By calling this class, the DC-motor gets initialised as a DLTI-system.

Realisation Idea

In the following figure you can see the overall implementation idea as well as the control structure and interfaces between the different needed parts. It is important to note that after successful training, the RL-agent only consists of the actor (inclusively pre- post-processing tasks).

The interfaces of the DC-motor are the voltage $u$ as an input and the current angular velocity omega as an output. In this context, the voltage $u$ represents the RL-agent's action. Following this action, the DC-motor responds in the next discrete time step with the current angular velocity at time step $t+1$, which is then fed back to the RL-agent. This feedback loop informs the RL-agent about the consequences of its previous action. To enhance the RL-agent's ability to achieve desired outcomes, not only the current angular velocity $\omega_t$ is provided, but also of course the target angular velocity $\omega_{target}$. This allows the RL-agent to work towards reaching the specified target value in subsequent steps. However, for the agent, the control difference $\Delta\omega$ is derived from these two values and fed back to the system. Therefore the State vector $S_t$ consists of $\Delta\omega$ and $\omega_{target}$. In addition, the elements of the state vector are scaled when they enter the RL-agent so that they are in the range $[-1, 1]$ (Min-Max-scaling). Negative control differences and negative voltages can also be represented. Of course this scaling must be reversed for the action when leaving the RL-agent. The scaling task is a part of the RL-agent.
Furthermore, to train the RL-agent using the A2C-algorithm, a reward function must be defined. The function follows specific criteria:

maximal reward when the control difference is $0 s^{−1}$,
a maximum reward value of $0$,
negative values for non-zero control differences and
increasingly negative rewards for higher control differences.

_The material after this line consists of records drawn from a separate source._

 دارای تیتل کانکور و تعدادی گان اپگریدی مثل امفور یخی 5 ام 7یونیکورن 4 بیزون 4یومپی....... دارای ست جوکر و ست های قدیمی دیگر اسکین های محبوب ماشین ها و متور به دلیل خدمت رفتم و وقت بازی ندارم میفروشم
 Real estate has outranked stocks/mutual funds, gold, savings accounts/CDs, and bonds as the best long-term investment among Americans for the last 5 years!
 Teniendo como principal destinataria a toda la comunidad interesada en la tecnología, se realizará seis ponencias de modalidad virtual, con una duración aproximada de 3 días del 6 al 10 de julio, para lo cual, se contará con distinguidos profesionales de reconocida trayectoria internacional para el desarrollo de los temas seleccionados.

A linear equation with a negative factor c and the absolute value of the control difference meet these requirements. The factor c determines the penalty strength for deviation from the desired angular velocity, also assigned as a hyperparameter for training success: $$R_t \left(\Delta\omega_t\right) = c\cdot |\Delta\omega_t|.$$

Before heading to the code implementations, we will have a look on the flow chart of the RL-agent's training process. After initialising the DC-motor-model as well as the actor and critic neural networks along with hyperparameters, the training starts with episode 0. At step $k = 0$, an initial state is set and an action is chosen. This leads to a new state $S_{k+1}$ and a reward $R_{k+1}$. Subsequently, the TD-target and advantage function value are computed and stored. The step count $k$ is incremented. If the maximum step count per episode is not reached, both the current state $S_k$ and the cumulative reward $R$ are updated. The program then returns to its flow and starts again with the fourth process. If the condition $k = k_{max}$ is met, the two neural networks are updated. If the maximum episode count is not reached, the current episode count is incremented and the process restarts with the initialisation of the starting state, $k=0$ and $R=0$. If this condition is affirmed, training data and actor neural network are saved, marking the end of the training (sorry, the flow chart is still in German).

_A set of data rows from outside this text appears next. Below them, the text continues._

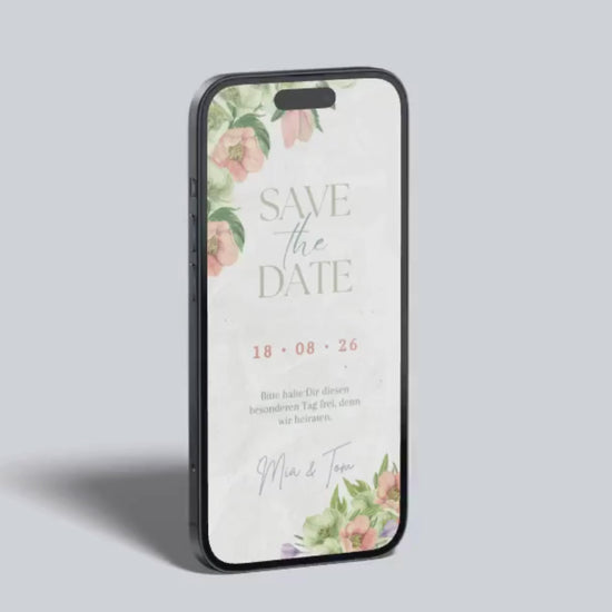 Diese digitale Save-the-Date Karte überzeugt mit einem zarten Aquarelldesign aus pastellfarbenen Blüten und sanftem Grünton – perfekt für alle, die eine romantische und zugleich moderne Hochzeitsankündigung suchen. Die Kombination aus floraler Leichtigkeit und klarer Typografie macht diese Karte zum stilvollen Vorboten eures großen Tages.
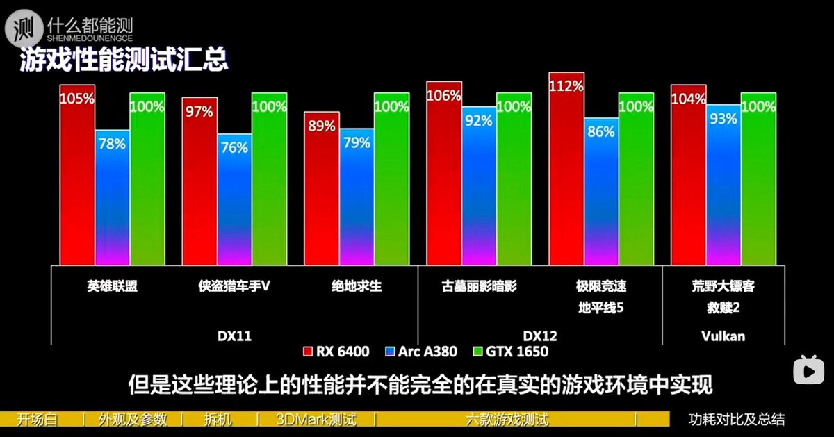 Сама компания давала понять, что Arc A380 сможет превзойти Radeon RX 6400. Судя по первым тестам, это не так: в реальных играх карта Intel работает медленнее.
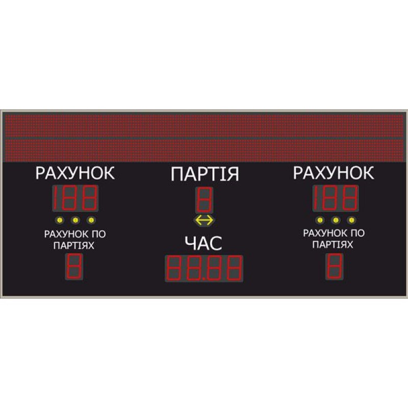 Спортивне електронне табло для змагань з пляжного волейболу управляється з комп'ютера або ноутбука з ОС Windows. Дозволяє виводити на табло прізвища пар волейболістів, які беруть участь в поточній грі. Можливості виведення ігрової інформації на табло для пляжного волейболу: поточний рахунок в партії; рахунок по партіях; номер поточної партії; кількість перерв; стрілка напрямку подачі; прізвища двох волейболістів, які беруть участь в грі, для кожної команди; звукова сирена; час гри або індикація астрономічного часу, коли немає ігор. Управління табло можливо по дроту, або по мережі Wi-Fi - бездротовим чином. Спеціальна програма дозволяє проводити ігри на більш високому рівні організації змагального процесу. У налаштуваннях програми можна вибрати різні теми в оформленні зовнішнього вигляду програми. Комплект поставки: табло для волейболу; конвертер USB; кабель з'єднувальний; сигнал звуковий; паспорт та інструкція з експлуатації; програма на носії; захисна упаковка. Висота всіх цифрових символів: 150 мм, дальність видимості до 60 метрів. Стрілки індикації команди, що подає: 2. Елемент індикації: світлодіод 5 мм. Яскравість світіння світлодіодів (залежить від кольору): 0,8-1,5 Кд. Кількість градацій яскравості: 8. Висота знаків назв команд: 130 мм. Розширення інформаційного рядка: 8х160 пікселів. Розмір шрифтів: вузький/широкий. Тип шрифтів: кирилиця/латинський. Кількість знаків на інформаційному рядку: 26 шт вузьким шрифтом, 20 шт широким шрифтом. Максимальна тривалість періоду: 59 хвилин. Максимальна тривалість перерви: 59 хвилин. Тривалість ходу годинника без живлення: до 15 днів. Збереження ігрових налаштувань: необмежено. Матеріал рами: сталь. Матеріал корпусу: анодований алюміній. Лицьова панель: оргскло із захисною плівкою. Температура експлуатації: від -30 до +60°С. Напруга живлення: 220 В. Потужність в робочому режимі: до 200 Вт. Енергоспоживання в режимі годинника: до 35 Вт. Тип кріплення табло: настінне. Габарити табло в упаковці: 2700х1250х140 мм.
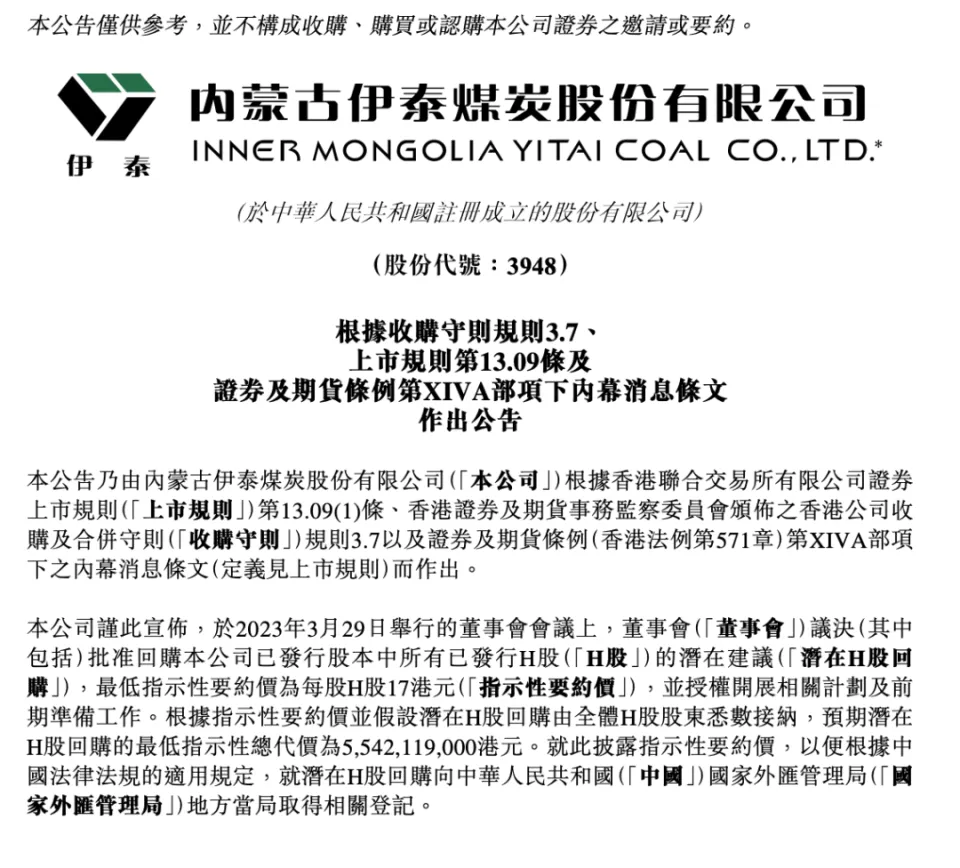 有钱任性 ” 作者|王磊 曹婷婷 有钱真好。 就在昨天,内蒙古煤炭龙头民企伊泰煤炭,推出了私有化要约回购筹划,筹划将香港发行的H股全部收回私有化,还要以溢价50%的代价收回H股股票。 按照昨天的伊泰煤炭的收盘价每股11.3港元,伊泰煤炭的收购代价在17港元每股。 至于为什么要打消H股于联交所的上市职位,并不是由于谋划不善。而是伊泰煤炭的管理层以为股价迟迟不涨而且交易业务低迷,公司股价被市场严肃低估了。 泉源:伊泰煤炭 这就是要告诉市场即便是提拔50%的代价,本身的股票仍旧有吸引力。 值得注意的是,即便是加上溢价50%的代价,这次回购价也没有到达上市第一年18.3元的汗青高点。 受此消息影响,本日伊泰煤炭泰煤炭早盘高开近15%,最高报价15.88港元,涨幅最高靠近48%制止发稿,伊泰煤炭报价15.76港元。 01 不差钱 在3月29日晚间举行的伊泰煤炭董事会集会会议上,董事集会会议决允许了回购公司已发行股本中全部已发行H股的埋伏发起(埋伏H股回购),最低指示性要约价为每股H股17港元,并授权开展干系筹划及前期准备工作,预期埋伏回购的最低总代价为55.42亿港元。 泉源:伊泰煤炭 筹划收购当前股本的90%,当H股回购竣事后,公司打消H股于联交所的上市职位,伊泰煤炭已发行股本中的B股将继续于上交所上市。 伊泰为什么肯定要回购全部股票并注销港股上市职位?在公告中则给出相识释。 “思量到H股的交易业务量较低且运动性有限,导致公司难以在H股市场有效地举行融资。埋伏H股回购如落实,将为采取埋伏H股回购的H股股东带来一次性投资收益;H股退市如落实,将令公司可以或许节省与H股上市羁系合规干系的本钱及费用,董事以为埋伏H股回购及H股退市将对公司及其股东团体有利。” 交易业务量的低迷,也使伊泰煤炭融资的本事受到肯定范围,不易通过股权融资为其业务发展提供可用资金泉源。 也就是说,伊泰煤炭以为港股融资难,而且流通性低,每年不但要花高额的成原来维护港股上市职位,本身还不好讲“新的故事”。以是甘心花大价格、高溢价往返购退市,也不愿继续在港股上市。 简直,伊泰煤炭在港股股本只有3.26亿股,港股股本市值为36.84亿港元。从昨天的数据来看,成交量仅有360万港元,换手率仅仅为0.1%,从久远来看,港股动态市盈率只有2.28倍。 而制止中午休盘,换手率飙升至2.29%,成交额到达了1.17亿,高价回购股本的筹划,无疑给伊泰煤炭H股注入一股强劲的活力。 毕竟上不但伊泰煤炭面对融资难、估值低的标题,也是比年来煤炭行业上市公司面对的共同困难。 现在正值新能源飞速发展的时期,鼎力大肆提倡“碳中和”模式,煤炭作为传统行业势必受到打击。 泉源:伊泰煤炭 而且许多国家已经大幅度淘汰煤炭使用。以致已经出现了新能源替换煤炭的环境。以是煤炭股行业长期走势,本就存在着肯定的悲观因素。 再加上,煤炭股的代价走势,通常和商品期货的走势有较强的干系性,受制于其不稳固性,煤炭股低迷也不是没有来由的。 但股市的低迷并不意味着企业就不赢利了。 伊泰煤炭作为少少数拥有铁路的煤炭企业,不但在内蒙古备受推许,在煤炭行业也是不可忽视的存在。 泉源:伊泰煤炭 假如说山东人的宿命是有体例,那么内蒙人心田OS:能进伊泰和神华就好了。 由于伊泰煤炭真在实打实的赢利。 昨晚伊泰煤炭发布拟回购公告的同时,也公布了2022年报。年报中表现,公司总业务收入606.47亿元,同比上涨19.68%;净利润109.75亿元,同比增长26.98%;根本每股收益3.37元/股,同比增长26.69%。 泉源:伊泰煤炭 公司整年累计生产商品煤4830.53万吨,贩卖煤炭6600.05万吨,铁路板块累计发运煤炭9053.16万吨,煤化工板块累计生产各类油品和化工品140.06万吨,贩卖各类油品和化工品145.61万吨。 制止客岁年底可供股东分配的利润为311.7亿元。 而根据2022年中报,2022年中期红利70.48亿元,同比增长167.85%;总营收310.54亿元,同比增长54.0%;每股净资产为13.906元,同比增长10.7245%。 客岁100多亿元的红利,也意味着伊泰煤炭回购全部港股流通股必要的56亿港元(约合人民币49亿元),不到半年的时间就挣返来了。 真的是有钱任性,既然不被市场承认,干脆把散在表面的资源全收返来,差异你们玩了。 02 5万元创下中国500强企业 内蒙古伊泰团体是鄂尔多斯市本土最大的煤炭民营企业,发展到现在并不是一帆风顺。 35年前,首创人张双旺拿着5万元的启动资金,正式开启一段“神奇之路”。 1988年3月,已经在某国企工作了30年的张双旺看到了煤炭的红利,领导了伊克昭盟州里企业处20名行政超编职员和经允许调来的10名业务骨干,和盟行署签署了承包原盟州里企业公司为期5年的协议书。 泉源:伊泰煤炭 创建州里企业公司时,除了手里5万元的启动资金,另有40万元的财政乞贷,这就是当时30来个人手中的全部资产。 在公司创建初期,公司就确定了发展方向,重要举行煤炭的运销。但是在实践过程中,发展不停受到打击。 在创建公司之前,张双旺先后在杭锦旗皮革厂、呆板厂、石膏厂、综合厂、工业局等地方工作过,在公司发展初期,就办了一个砖瓦厂,当时的砖瓦正是发展火热期,公司发展徐徐进入正轨,但由于一位员工在工作时受伤,封建迷信的风水标题吓退了其他员工。 砖厂赔了钱,张双旺又拿3万多元,办了个露天煤矿,结果连一块煤都没见到。接下来搞黄芪,由于职员分配标题又赔钱;办大理石厂,还

For the higher-level code structur beside the class for the motor model, I specify further classes for the actor, critic and the agent. Moreover, the initialisation of different hyperparameters takes place in the beginning. Calling the function agent().train() the execution of the training process starts.

# import libraries
import tensorflow as tf
from tensorflow.keras.layers import Input, Dense, Lambda
import numpy as np
import matplotlib.pyplot as plt
from scipy import signal

#float type default
tf.keras.backend.set_floatx('float64')

#hyperparameters
gamma = 0.5            #discount factor
actor_lr = 0.00006      #actor learning rate
critic_lr = 0.0002      #critic learning rate
sample_steps = 240     #steps per episode and batch size
max_episodes = 2000    #number of episodes
delta_T = 0.05          #for DLTI
c = -0.95               #factor reward function

class Actor:...

class Critic:...

class Dcmotor:...

class Agent:...

Agent().train()

Agent

By calling the agent class, the actor critic and DC-motor get initialised. The dimensions of the state and action vectors are set. The action bound is fixed to 50 volts. For the random selection of an action the standard deviation is also bounded. The train function starts with initialising empty lists. For the start of an episode the motor start with an angular velocity of $\omega=0$. With the if else query during an episode, a continouse change of the target angular velocity is performed (can be better realised maybe with methods of Desing of Experiments (DoE)). Based on the current state, the recommended action of the actor is calculated and gets fed to the motor for determining the next state. With the new reward the values of TD-target and the advantage function are calculated. If $k$ reaches the maximum step count of 240, an update of the actor's and critic's neural networks is performed. After finishing the training process, different plots are displayed (losses and reward).

class Agent:
    def __init__(self):
        self.state_dim = 2
        self.action_dim = 1
        self.action_bound = 50.0
        self.std_bound = [1e-5, 1.0]

        self.actor = Actor(self.state_dim, self.action_dim, self.action_bound, self.std_bound)
        self.critic = Critic(self.state_dim)
        self.dcmotor = Dcmotor()

    def td_target(self, reward, next_state, k):
        if k==(sample_steps-1):
            return reward
        v_value = self.critic.model.predict(np.reshape(next_state, [1, self.state_dim]))
        return np.reshape(reward + gamma * v_value[0], [1, 1])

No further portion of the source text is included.